:: Dataset excerpt ::

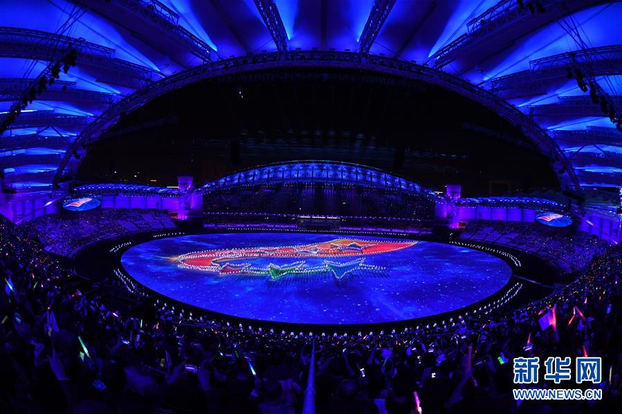 10月18日,第七届世界军人运动会开幕式在武汉体育中心举行。 这是武汉体育中心内景。(10月18日摄) 新华社记者 王鹏 摄
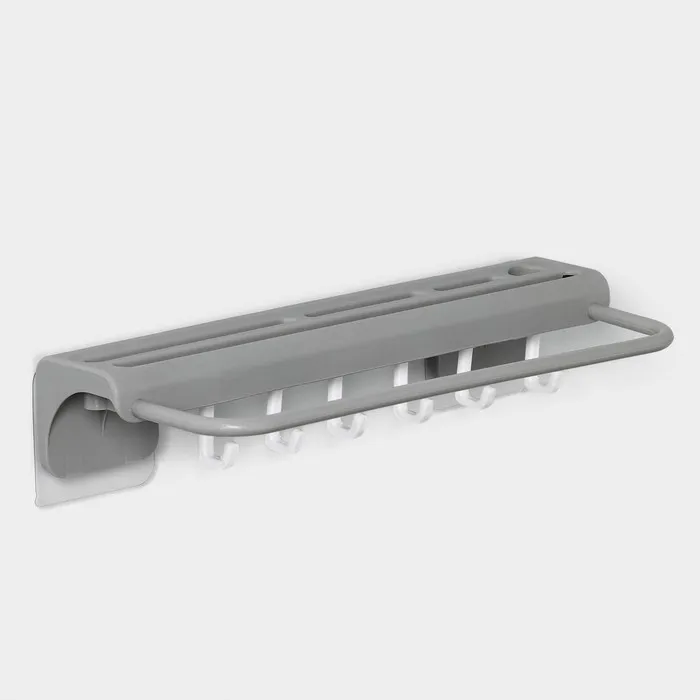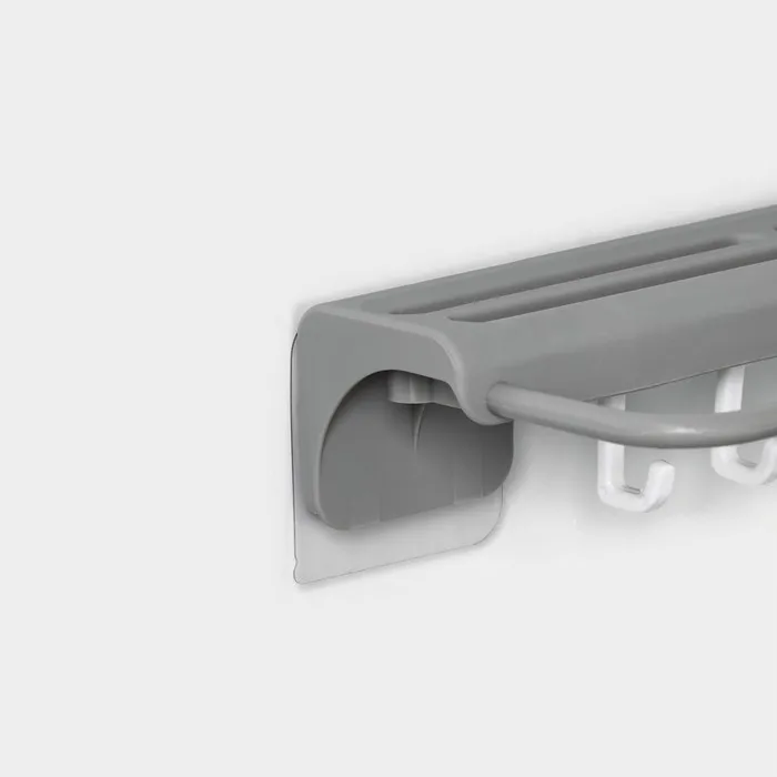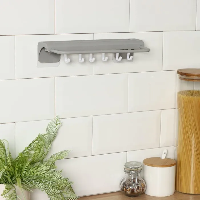 Он изготовлен из прочного пластика с использованием липучки для легкой установки на стене или другой гладкой поверхности.Крючки позволяют удобно разместить различные кухонные принадлежности, такие как половники, лопатки, шумовки и т. д.Кроме того, держатель для полотенец обеспечивает дополнительное пространство для хранения и сушки полотенец, губок и других предметов.Этот аксессуар поможет организовать рабочее пространство на кухне и поддерживать порядок.
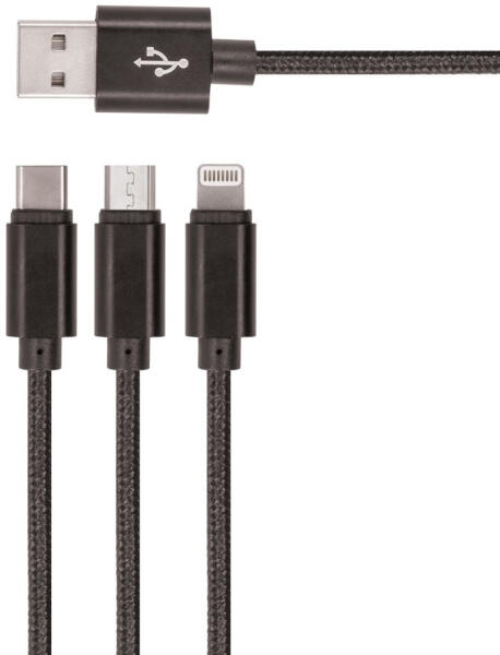 Setty USB Cable 3in1 Micro-USB, Type-C, Lightning kábel, 2A, 1m, fekete

:::

Once the pictures are removed, output the remaining material exactly.

 10月18日,第七届世界军人运动会开幕式在武汉体育中心举行。 这是武汉体育中心内景。(10月18日摄) 新华社记者 王鹏 摄
 Он изготовлен из прочного пластика с использованием липучки для легкой установки на стене или другой гладкой поверхности.Крючки позволяют удобно разместить различные кухонные принадлежности, такие как половники, лопатки, шумовки и т. д.Кроме того, держатель для полотенец обеспечивает дополнительное пространство для хранения и сушки полотенец, губок и других предметов.Этот аксессуар поможет организовать рабочее пространство на кухне и поддерживать порядок.
 Setty USB Cable 3in1 Micro-USB, Type-C, Lightning kábel, 2A, 1m, fekete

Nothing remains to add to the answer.